Speaking of my good friend, the Holy Spirit. I never fully understood what people meant when they said how the spirit led them here or to do this or that. Because I tend toward the sensitive side, I've always been aware that I can't always rely on how I feel. I wonder how many times I actually dismissed the prompting of the Holy Spirit in an effort to suppress my own seemingly "over-emotional" feelings? Honestly, I don't even know if it works that way. When it comes to the "Spirit" I'm pretty clueless. That just proves how ungodly I really am.

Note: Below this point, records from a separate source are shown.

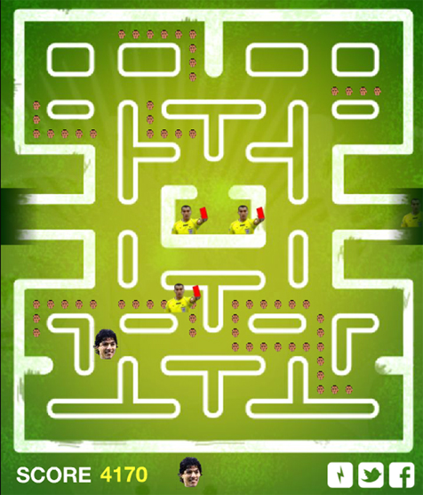 Meskipun gambar Chiellini terpampang di layar intro, namun 'musuh' Suarez dalam game tersebut adalah wasit Marco Rodriguez. El Pistolero memiliki misi untuk menghabiskan seluruh titik yang tersebar di peta sembari menghindari kejaran sang wasit. Seperti game Pacman asli, ia juga bisa 'memakan' sang wasit dengan syarat mengambil item berwujud kacamata.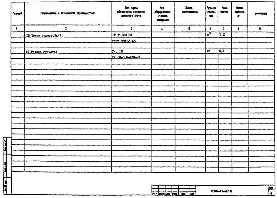 5.3.5 Пример составления (заполнения отдельных позиций) спецификации оборудования, изделий и материалов к основному комплекту рабочих чертежей марки ПЖ приведен в приложении Б.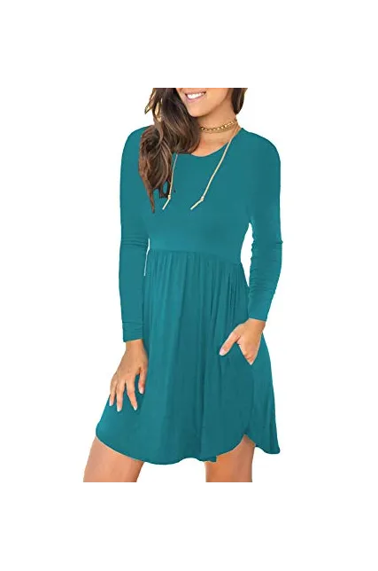 Unbranded* Women's Long Sleeve Loose Plain Dresses Casual Short Dress with Pockets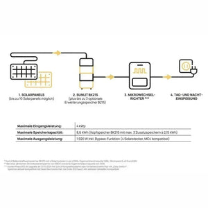 - Rozszerzenie solarne Plug-in: Rozszerzalne do 4 kWp i 8,6 kWh bez dodatkowych kosztów instalacji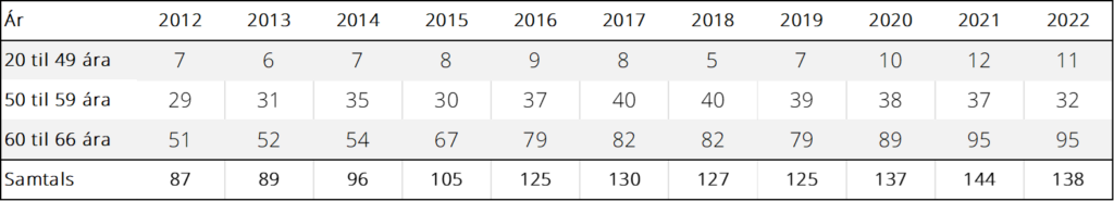 Á töflunni kemur fram fjöldi íbúa undir 67 ára aldri sem býr inni á hjúkrunarheimilum á árunum 2012 til 2022. Aldri íbúa er skipt í þrennt, 20 til 49 ára, 50 til 59 ára og 60 til 66 ára. Að lokum er sýnd samtala íbúa eftir árum. Árið 2012 eru 7 íbúar 20 til 49 ára, 29 íbúar 50 til 59 ára og 51 íbúi 60 til 66 ára, samtals 87 íbúar. 2013 eru 6 íbúar 20 til 49 ára, 31 íbúi 50 til 59 ára og 52 íbúar 60 til 66 ára, samtals 89 íbúar. 2014 eru 7 íbúar 20 til 49 ára, 35 íbúar 50 til 59 ára og 54 íbúar 60 til 66 ára, samtals 96 íbúar. 2015 eru 8 íbúar 20 til 49 ára, 30 íbúar 50 til 59 ára og 67 íbúar 60 til 66 ára, samtals 105 íbúar. 2016 eru 9 íbúar 20 til 49 ára, 37 íbúar 50 til 59 ára og 79 íbúar 60 til 66 ára, samtals 125 íbúar. 2017 eru 8 íbúar 20 til 49 ára, 40 íbúar 50 til 59 ára og 82 íbúar 60 til 66 ára, samtals 130 íbúar. 2018 eru 5 íbúar 20 til 49 ára, 40 íbúar 50 til 59 ára og 82 íbúar 60 til 66 ára, samtals 127 íbúar. 2019 eru 7 íbúar 20 til 49 ára, 39 íbúar 50 til 59 ára og 79 íbúar 60 til 66 ára, samtals 125 íbúar. 2020 eru 10 íbúar 20 til 49 ára, 38 íbúar 50 til 59 ára og 89 íbúar 60 til 66 ára, samtals 137 íbúar. 2021 eru 12 íbúar 20 til 49 ára, 37 íbúar 50 til 59 ára og 95 íbúar 60 til 66 ára, samtals 144 íbúar. 2022 eru 11 íbúar 20 til 49 ára, 32 íbúar 50 til 59 ára og 95 íbúar 60 til 66 ára, samtals 138 íbúar.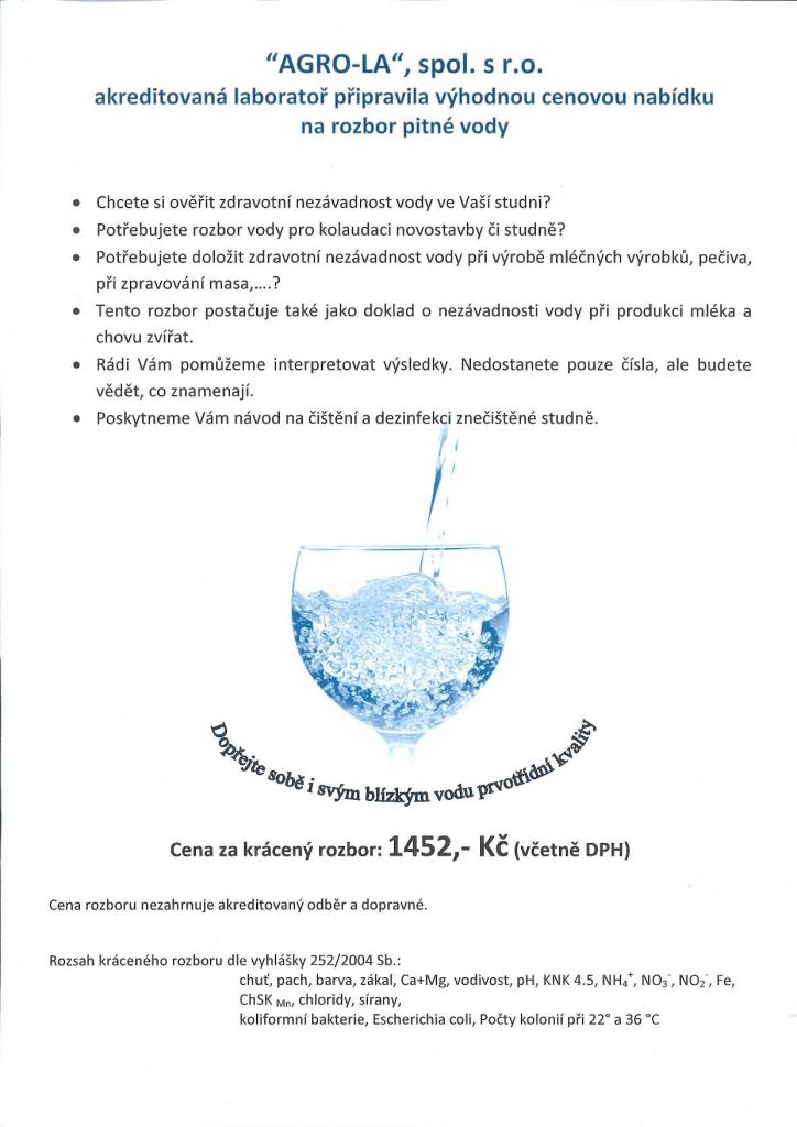akreditovaná laboratoř připravila výhodnou cenovou nabídku na rozbor pitné vody

Lately I've been praying that the Holy Spirit would reveal my sin to me. One reason is to recognize hidden sin so I can change it. Another reason is so I can be more amazed that I don't have to pay the penalty for my sin. How good is God that he saved us!? I, as a Christian become desensitized to the greatness of God. I constantly have to remind myself that what he did was an amazing gift! Not because I don't know, but because I want to feel the same way now as I did when it was all brand new. I crave those "first love" feelings that I felt towards God. Though with any "love" type relationship, I appreciate the deeper understanding that only comes with time. I've experienced that type of love only twice. My first with Jesus, and now my marriage to Matt. When the butterflies fly away and things are hard, the deep love remains. It's simply amazing.